Batavia, New York
Election Day in New York just ain’t the same anymore, thanks to nepo numbskulls George W. Bush and Andrew Cuomo. Though I always vote for longshots and losers, radicals and reactionaries, I have such happy memories of early November Tuesdays. Mr. Milward, dressed as Uncle Sam, would tour the polling places of my hometown, benign and reassuring in a way that his model — the autocratic “I Want You!” martinet — was not.
When I was a tyke, I trailed my mother as she cast a 1964 ballot for LBJ. The gray-haired election inspectors panicked — “There’s a child in the voting booth!” — but my violation of polling-place etiquette paled in comparison to Landslide Lyndon’s stolen US Senate election of 1948.
Mom cast that vote on a mechanical lever machine, which was invented in 1889 by a Rochesterian named Jacob Myers. The enclosure felt a little like a confessional. You’d enter the voting sanctum, draw the curtain and push down little levers for your favored candidates. When you were finished, you’d yank another lever that registered your vote and opened the curtain.
When the polls closed at 9 p.m., election inspectors read the vote count. I suppose they could’ve colluded in reporting the wrong totals, but any fraud would be on a very minor, machine-by-machine level. Next to paper ballots, the mechanical lever machine was our most trustworthy method of tallying votes.
Its disappearance can be traced to the presidential election of 2000, in which the horribly designed “butterfly ballot” of Palm Beach County, Florida, probably cost Al Gore Florida’s electoral votes and the presidency.

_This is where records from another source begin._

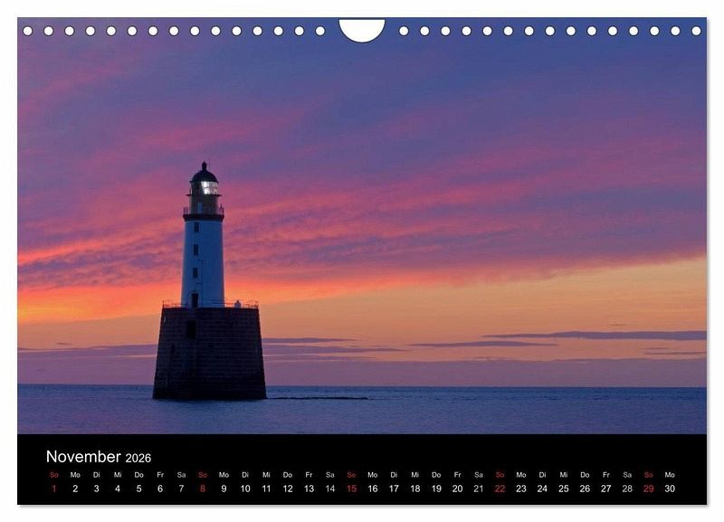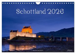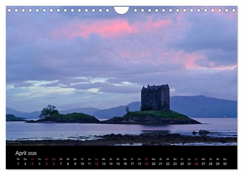 Der Kalender zeigt Schottische Landschaften (Küsten, Berge, Wasserfälle) und Architektur (Dörfer, Burgen, Leuchttürme und Brücken).
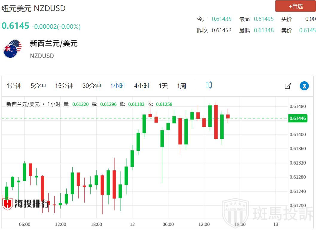 纽元/美元走低,原因是在美联储(FED)决议和美国5月份通胀数据公布之前,交易商青睐美元。周三欧洲时段,纽元/美元走低至0.6140附近。
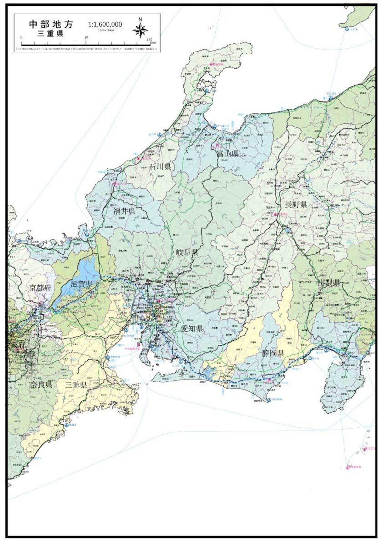 中部地方+三重県の地図データです。
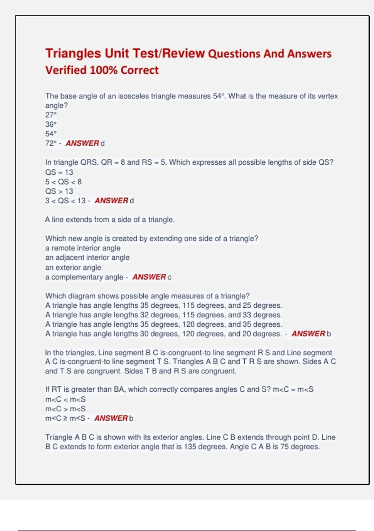 A triangle has angle lengths 30 degrees, 120 degrees, and 20 degrees. - ANSWER b
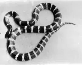 蛇身缠卷成圆盘,蛇背黑环间白环;
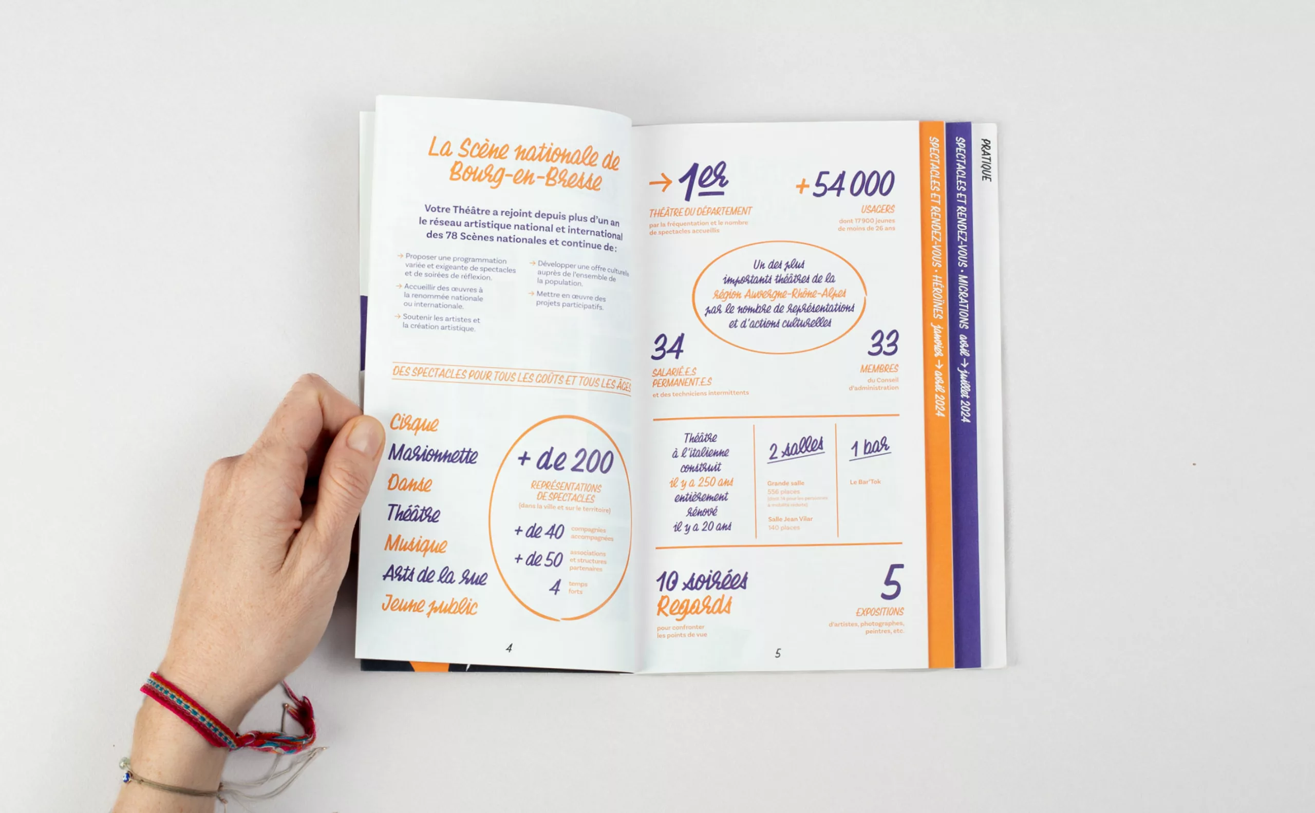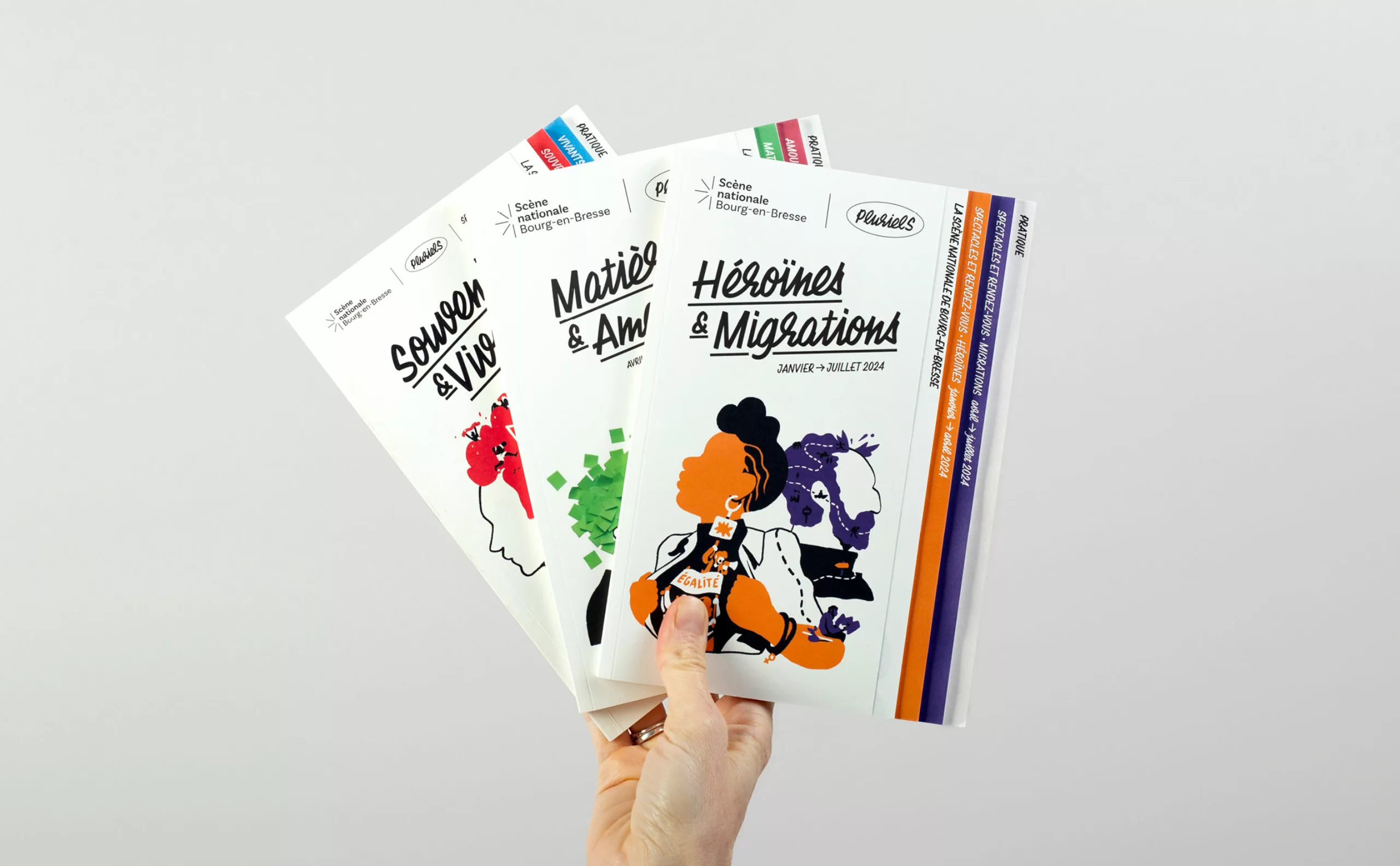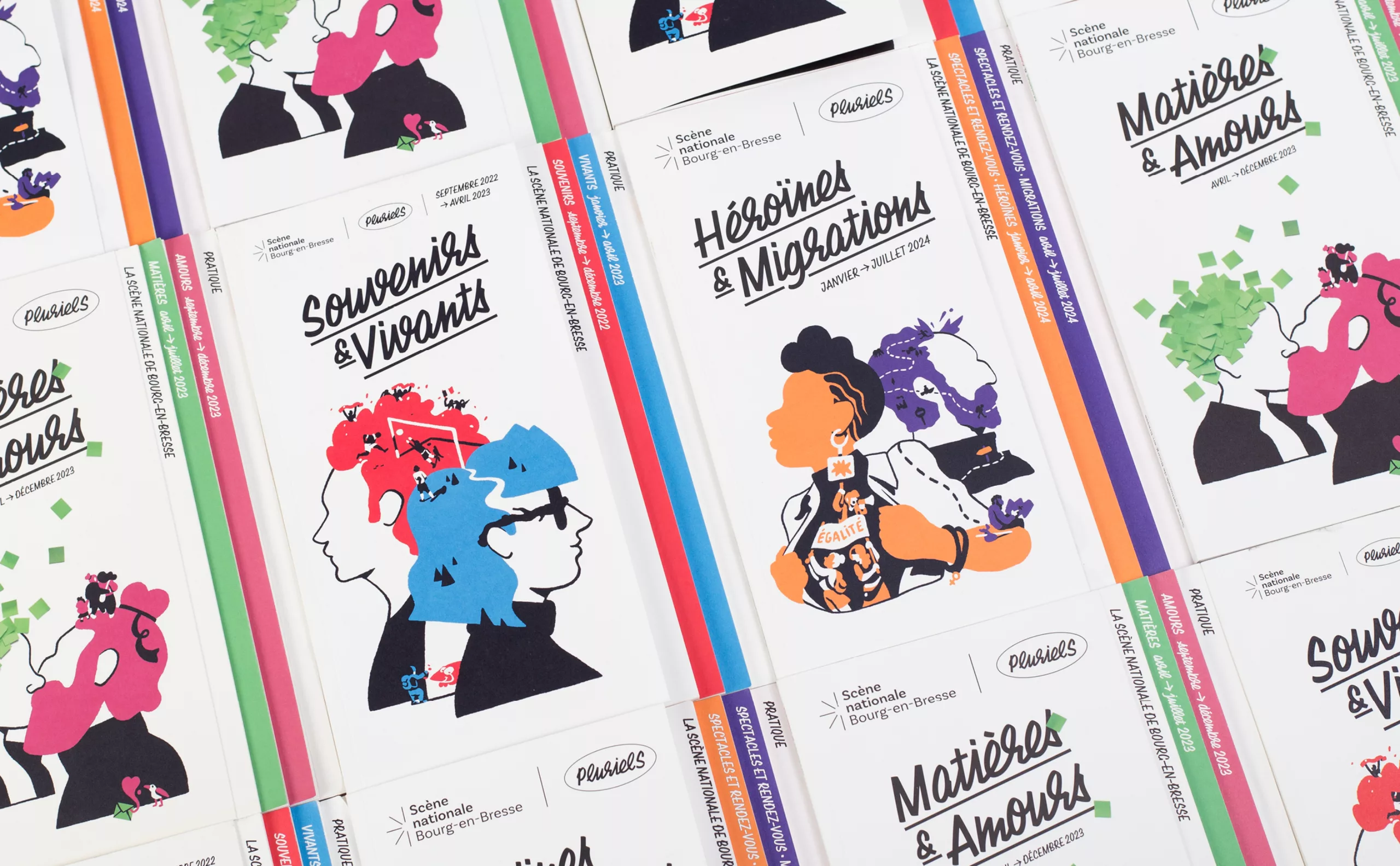 Dans le sillage de la période post-COVID, où le public retrouve progressivement ses repères dans les lieux culturels, la Scène Nationale de Bourg-en-Bresse fait le choix de proposer une programmation renouvelée désormais chaque quadrimestre intitulée “Pluriels”. Dans ce contexte de changement, l’agence Graphéine et les équipes du théâtre se sont unis pour repenser entièrement son identité. Les défis étaient multiples, allant de la communication d’un nouveau nom à une temporalité de programmation inhabituelle.
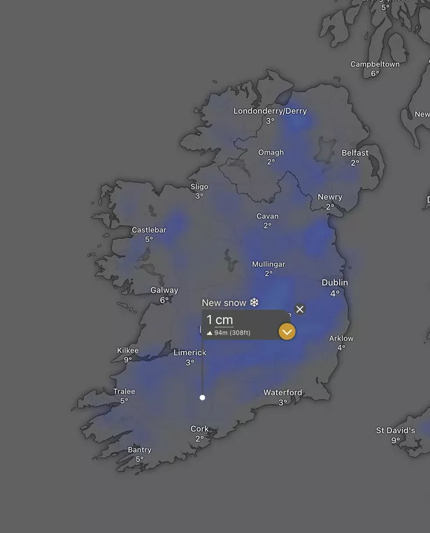 Current radars show a band of snowy showers moving in on Thursday morning, across Munster and the midlands at around midday, hanging around North Cork through the afternoon, an falling on the east coast by around 3pm before clearing to the east.
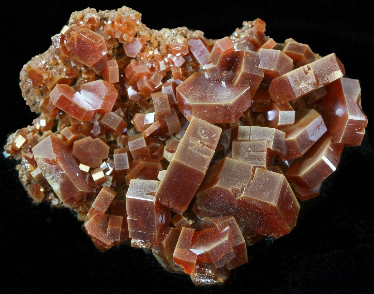 This is a beautiful grouping of large deep red and light brown, vanadinite crystals from Midelt, Morocco. They exhibit excellent color saturation, and a mirror luster on an iron-rich matrix. This specimen is a cluster of hundreds of both small and large, high quality crystals.
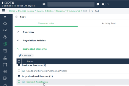 - the process / regulation framework link is indeed not available on the 'risk diagram' (which has a stronger 'risk' focus)
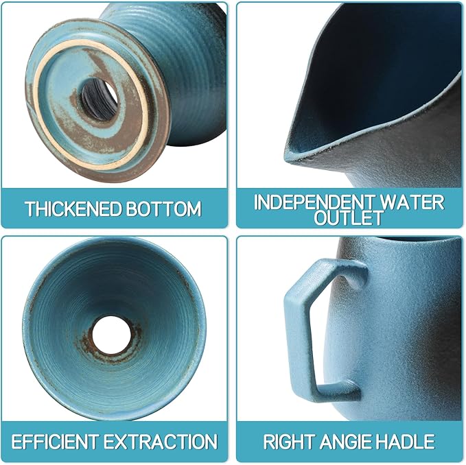 - Ceramic Material: Crafted from premium ceramic, this pour-over set offers excellent heat preservation and durability for daily use. The ceramic resists thermal shock while ensuring long-lasting performance.
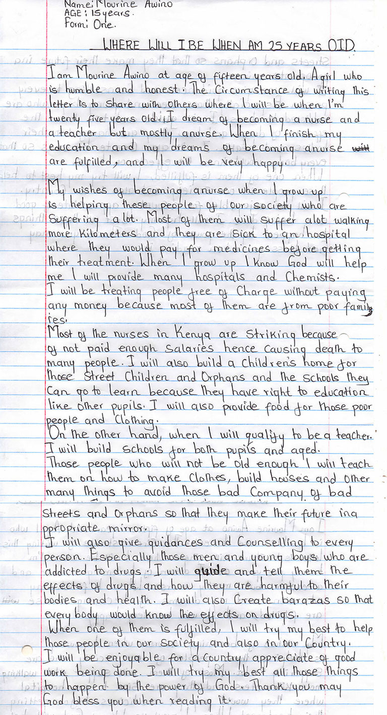 “My wish to become a nurse when I grow up is about helping these people of our society who are suffering a lot. Most of them will suffer from walking many kilometers, and they are sick in hospitals where they would pay for medicines before getting their treatment.” (Mourine)
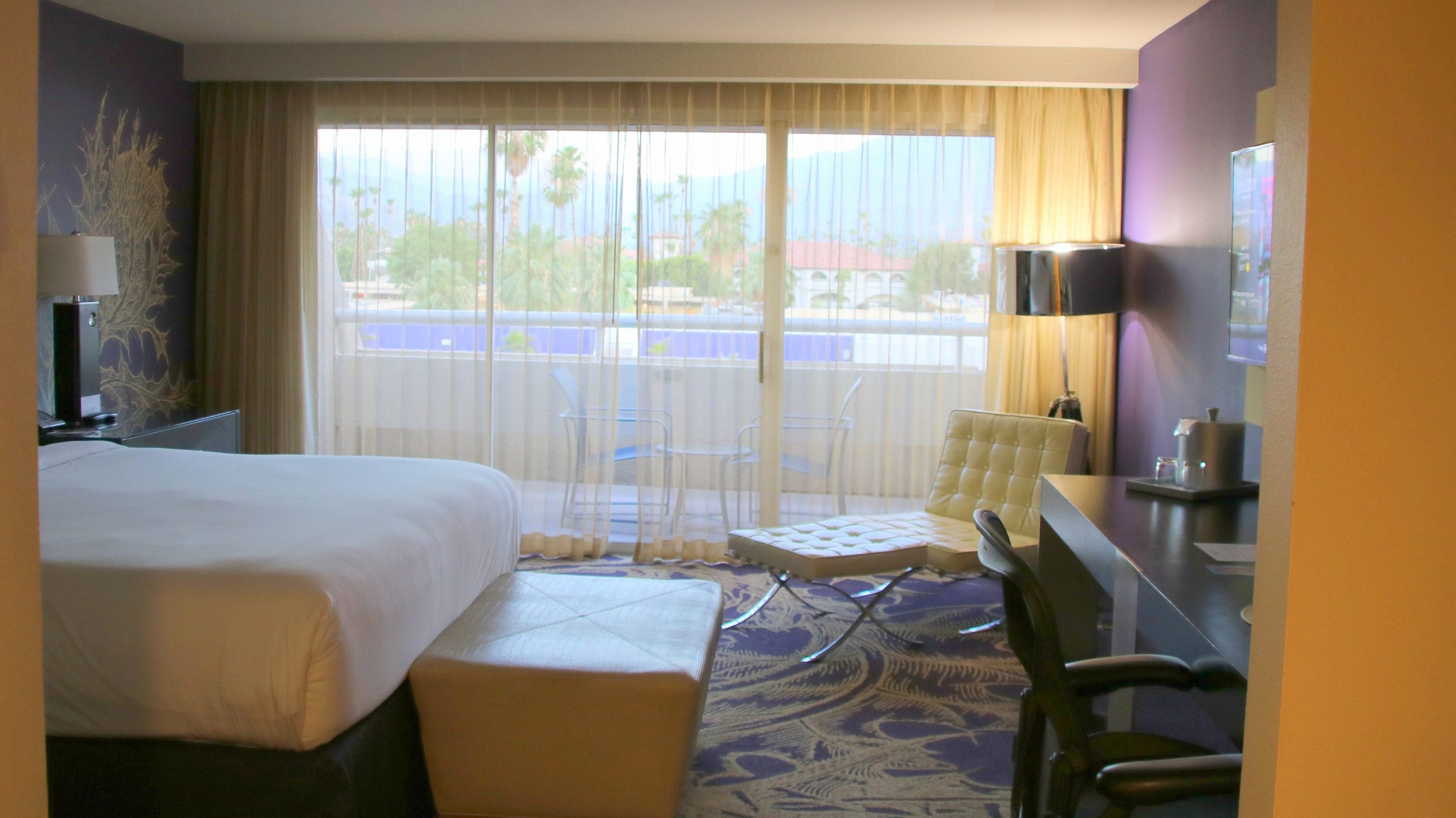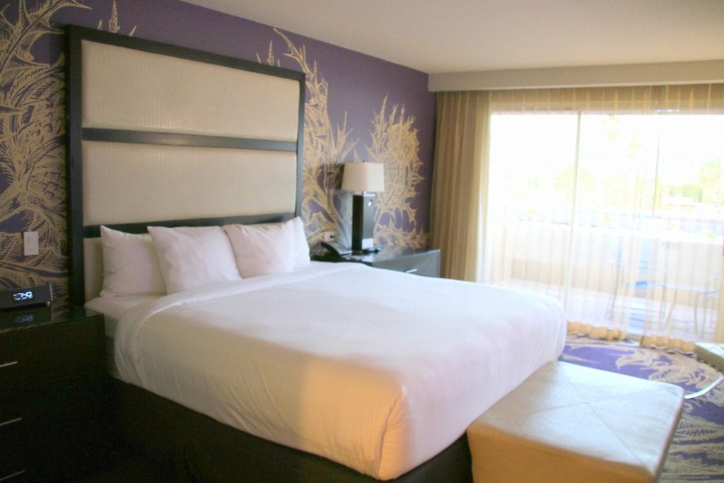 Das Zimmer selbst ist sehr geräumig und für die USA ungewöhnlich sauber. Man hat einen ungestörten Blick aufs Gebirge und die Hotel eigene Poolanlage. Auch wenn es schon auf den Fotos geräumig wirkt, wird es der wahren Größe leider nur bedingt gerecht. Dies ist unter anderem dem riesigen Boxspringbett geschuldet. Möchte man in Ruhe die heiße Wüstensonne genießen, ist der große Balkon eine gute Alternative zum Pool.

Thanks to Palm Beach County supervisor of elections Theresa LePore, we got Dick Cheney, the Iraq War, No Child Left Behind, the collected works of Jenna Bush Hager and the Help America Vote Act of 2002.
Heckuva job, Madame Butterfly!
HAVA was based on the modern American principle that all problems, no matter how localized or isolated, demand one-size-fits-all solutions. Because the senescent old bags of Palm Beach couldn’t figure out the ballot, Congress passed and Bush signed the act, which effectively banned mechanical lever machines (which were not used in Palm Beach anyway) in favor of optical scanners and direct register electronic machines.
Yes, the big lugs broke down occasionally, and parts were hard to replace, but as the New York attorney general protested, New Yorkers believed their “22,000 old-fashioned lever machines user-friendly and hard to defraud. They do not rely on paper, electricity or computer programmers, [and] at 950 pounds each, cannot be stolen readily.”
New York was the last state to resist this nationalizing tyranny, but eventually the governing class gave in. The disability lobby did much of the heavy lifting, preposterously claiming that the lever machines disadvantaged the “more than 2 million voting-age New Yorkers with disabilities.” (Two million? No wonder I can never find a parking space.)
And so the satisfying click of a metal lever was replaced by magic markers filling in circles on transparency sheets of the sort that teachers once used to show Venn diagrams on overhead projectors.
Whatever vestigial pleasure I took in casting my meaningless vote was snuffed for good by another Fortunate Son, Governor Andrew Cuomo. As a parting gift to New Yorkers, Handsy Andy forced through a “reform” package that made it almost impossible for third parties or independent candidates to appear on New York ballots. Signature requirements were tripled, which is why the Greens and Libertarians will be absent from our ballots this year.
I have voted for third-party candidates in every presidential election since my first in 1980, but today’s New York is about as open to electoral dissent as North Korea. We get two choices — and if the Democrats had their way we’d have had one this year.
To hell with ’em.
Since democracy is dead in New York, I write in dead persons. This year Buffalo’s Grover Cleveland gets my vote for president.
In the US Senate race, I’m going with Dorothy Day, saintly founder of the Catholic Worker movement, and for Congress I will vote happily for my late friend Barber B. Conable Jr., who nobly represented us for ten terms. In the spirit of Mother Jones, the magnificent American labor radical who scorned professional-class busybodies, I will vote against the social-engineering New York equal rights amendment.
It’s sad to think I may never again pull a lever — or smear a magic marker — for a living human being for national or statewide office, but that’s the way the cookie — along with our democracy — crumbles.